I am using ImageFolder just like it is used in ImageNet example, but the model VGG from vision.models is not learning (Loss is not going to zero):
EPOCH: 4
Learning Rate: 0.1000
Namespace(batch_size=16, dataset=‘caltech101’, epochs=5, evaluate=False, learning_rate_decay_epochs=(6, 8, 9), learning_rate_decay_period=25, learning_rate_decay_rate=0.2, model=‘vgg19_bn’, momentum=0.9, original_learning_rate=0.1, print_freq=16, seed=1, weight_decay=0.0005, workers=1)

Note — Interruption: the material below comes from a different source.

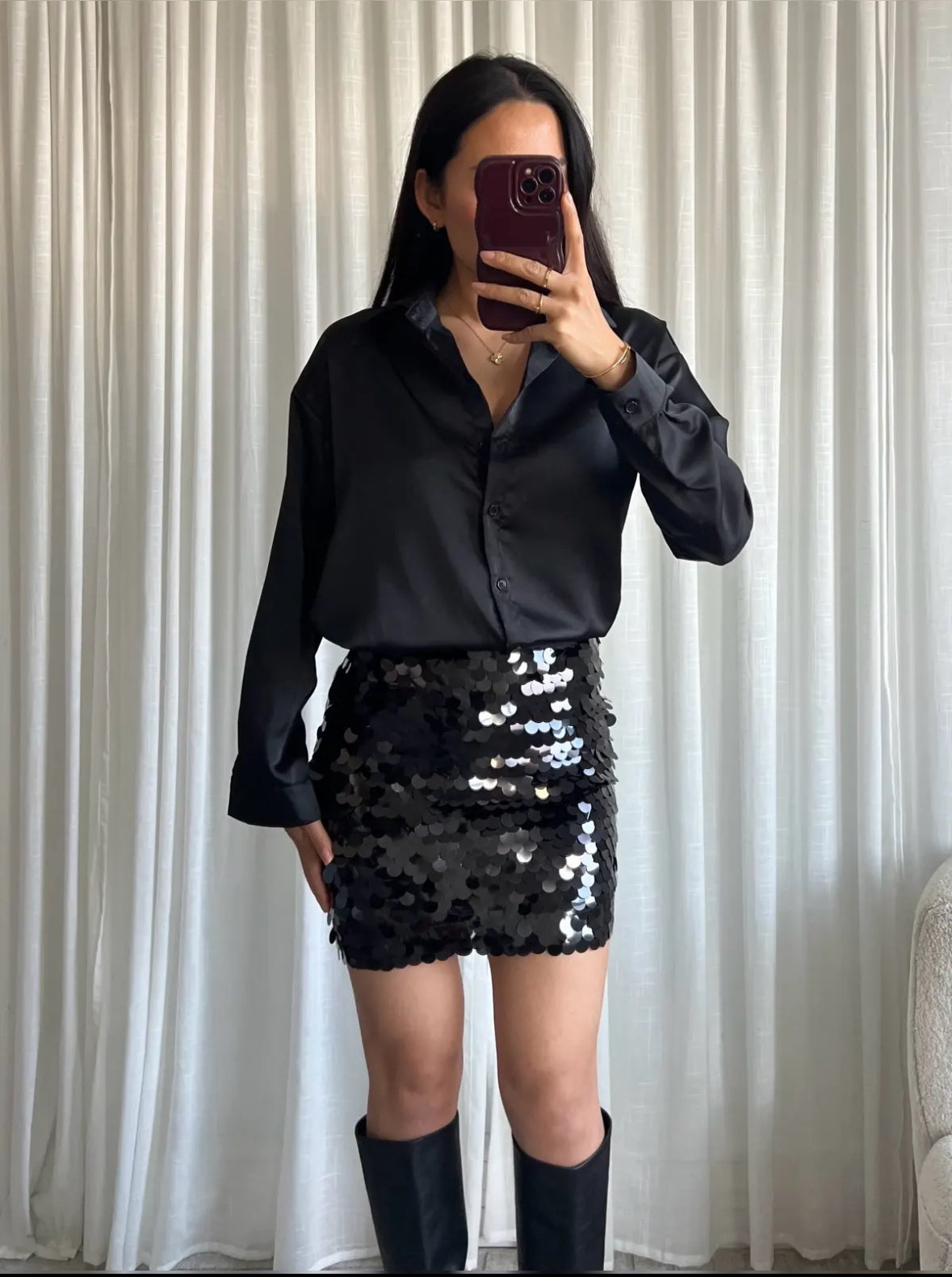 Sort kort nederdel fyldt med glitrende pailletter. Perfekt til festlige lejligheder og aftener i byen.

Epoch: [4][16/190] Time 0.291 (0.285) Data 0.000 (0.004) Loss 4.6316 (4.6236) Prec@1 0.000 (0.391) Prec@5 0.000 (3.125)
Epoch: [4][32/190] Time 0.285 (0.287) Data 0.000 (0.002) Loss 4.6337 (4.6283) Prec@1 0.000 (0.586) Prec@5 0.000 (3.516)
Epoch: [4][48/190] Time 0.283 (0.286) Data 0.000 (0.001) Loss 4.6657 (4.6294) Prec@1 0.000 (0.781) Prec@5 0.000 (3.385)
Epoch: [4][64/190] Time 0.283 (0.286) Data 0.000 (0.001) Loss 4.6256 (4.6309) Prec@1 0.000 (0.684) Prec@5 0.000 (3.320)
Epoch: [4][80/190] Time 0.283 (0.285) Data 0.000 (0.001) Loss 4.6329 (4.6314) Prec@1 0.000 (0.625) Prec@5 0.000 (3.281)
Epoch: [4][96/190] Time 0.283 (0.285) Data 0.000 (0.001) Loss 4.6345 (4.6329) Prec@1 0.000 (0.521) Prec@5 12.500 (3.125)
Epoch: [4][112/190] Time 0.283 (0.285) Data 0.000 (0.001) Loss 4.6323 (4.6343) Prec@1 0.000 (0.558) Prec@5 0.000 (2.958)
Epoch: [4][128/190] Time 0.283 (0.284) Data 0.000 (0.001) Loss 4.6604 (4.6355) Prec@1 0.000 (0.488) Prec@5 6.250 (3.027)
Epoch: [4][144/190] Time 0.285 (0.284) Data 0.000 (0.001) Loss 4.7083 (4.6372) Prec@1 0.000 (0.434) Prec@5 0.000 (2.908)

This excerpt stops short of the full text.